Psalmen 105:17

Hij zond een man voor hun aangezicht henen; Jozef werd verkocht tot een slaaf.

Handelingen 7:9

En de patriarchen, nijdig zijnde, verkochten Jozef, om naar Egypte gebracht te worden; en God was met hem,

Genesis 37:36

En de Midianieten verkochten hem in Egypte, aan Potifar, een hoveling van Farao, overste der trawanten.

Genesis 50:20

Gijlieden wel, gij hebt kwaad tegen mij gedacht; doch God heeft dat ten goede gedacht; opdat Hij deed, gelijk het te dezen dage is, om een groot volk in het leven te behouden.

Genesis 37:27-28

Komt, en laat ons hem aan deze Ismaelieten verkopen, en onze hand zij niet aan hem; want hij is onze broeder, ons vlees, en zijn broederen hoorden hem.

Genesis 39:1

Jozef nu werd naar Egypte afgevoerd; en Potifar, een hoveling van Farao, een overste der trawanten, een Egyptisch man, kocht hem uit de hand der Ismaelieten, die hem derwaarts afgevoerd hadden.

Genesis 45:4-5

En Jozef zeide tot zijn broederen: Nadert toch tot mij!
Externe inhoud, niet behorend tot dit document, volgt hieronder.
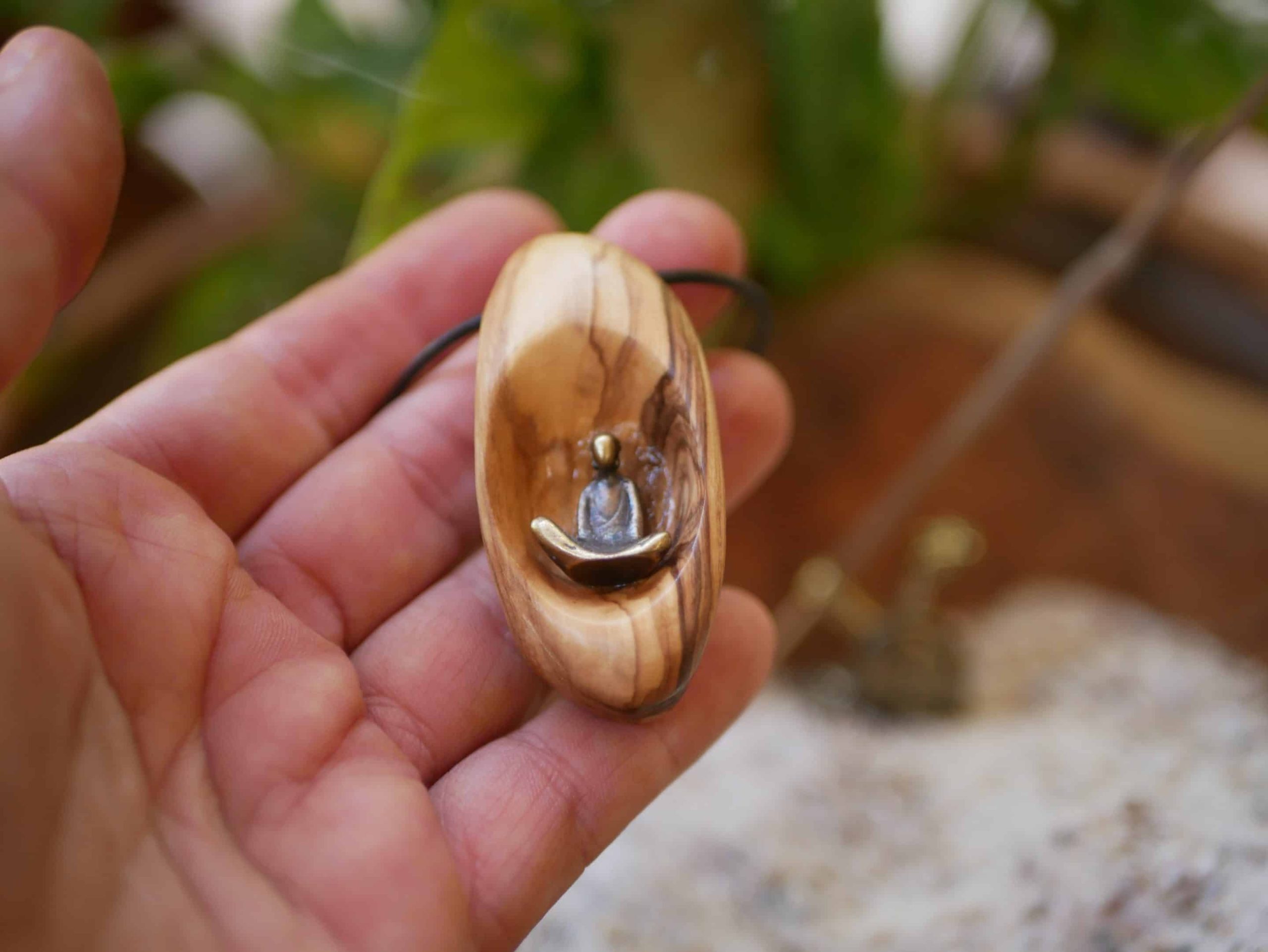 Olivenholz ist bekannt für seine Langlebigkeit und die reiche Textur, die die Buddha-Figur zu einem Blickfang und ist ein wunderschönes Schmuckstück.

En zij naderden. Toen zeide hij: Ik ben Jozef, uw broeder, dien gij naar Egypte verkocht hebt.

Genesis 45:7-8

Doch God heeft mij voor uw aangezicht henen gezonden, om u een overblijfsel te stellen op de aarde, en om u bij het leven te behouden, door een grote verlossing.